Detailed insight into friction: how objects start to slide
A collaboration of chemists and physicists have shed light on a crucial aspect of friction: how things begin to slide. Using fluorescence microscopy and dedicated fluorescent molecules, they were able to pinpoint how and when friction at the contact between two objects is overcome and when sliding starts to occur. The researchers from the University of Amsterdam, research institute ARCNL and the University of Twente report on the details of this important transition from static to dynamic friction in The Journal of Physical Chemistry Letters.
Friction is responsible for an estimated 25% of the world energy consumption.
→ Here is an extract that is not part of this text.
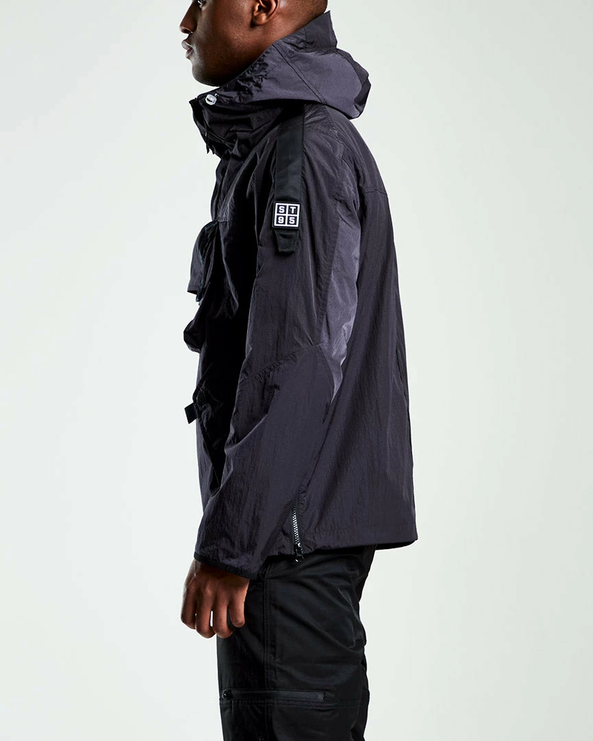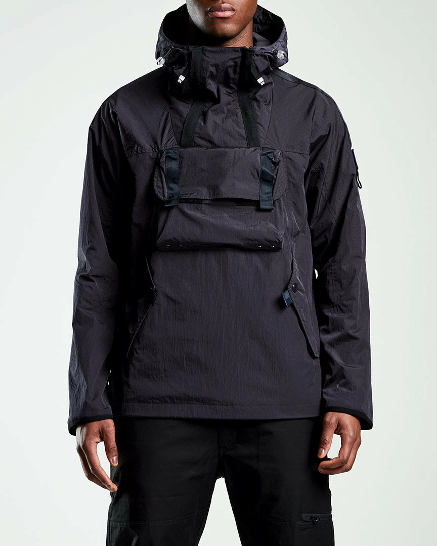 The Drogue Smock 2.0 is an evolution from the original design, is unlined, specifically developed for the Spring Summer Season. It has a relaxed fit and has been garment dyed. Featuring signature shoulder, sleeve and back webbing detail which incorporates a detachable branded patch to sleeve LHSAW. Featuring a double zip with gusset at collar and zip at side for easy access as well as a boxy chest pocket.

One of the key questions for the stability of many systems is how and when objects start to slide with respect to each other; think of earthquakes or your feet on the ground. When two objects touch, the contact area is formed by the many microscopic protrusions of the two interfaces that touch and interlock. Application of a shear force makes the objects slide along each other, breaking these initial contacts.
Investigation of friction phenomena using fluorescence microscopy from Universiteit van Amsterdam on Vimeo. This video captures the transition from static to dynamic friction which marks the onset of movement. Dark colors represent regions of contact where the shearing force is too small to overcome the friction force. In the light regions, the movement starts at the micro-scale until the entire object begins to slide.
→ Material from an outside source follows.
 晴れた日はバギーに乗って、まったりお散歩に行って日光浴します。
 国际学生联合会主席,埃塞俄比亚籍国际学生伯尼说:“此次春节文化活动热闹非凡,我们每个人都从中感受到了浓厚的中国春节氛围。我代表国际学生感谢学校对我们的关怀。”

Dragging a sphere over a glass surface
In the paper just published the researchers report on experiments in which a sphere is dragged over a glass surface. The glass surface has been decorated with a special type of molecule (fluorogenic mechanophores) that start to emit light (fluorescence) when under the stress of the shearing force. The moment this force disappears, the molecules return to their stable, non-fluorescent form. This allows to directly visualize and quantify the microscopic shear force down to the microscopic roughness level, and establish how it evolves during the transition from the static to the moving state. The researchers find, among other things, that just before sliding occurs, a slip wave propagates from the edge toward the center of the macroscopic contact area. This allows for a quantitative and microscopic local understanding of how surfaces start to slide.
Reference
Chao-Chun Hsu, Feng-Chun Hsia, Bart Weber, Matthijn B. de Rooij, Daniel Bonn, and Albert M. Brouwer, Local Shearing Force Measurement during Frictional Sliding Using Fluorogenic Mechanophores, J. Phys. Chem. Lett, 13, 8840−8844 (2022).
DOI: 10.1021/acs.jpclett.2c02010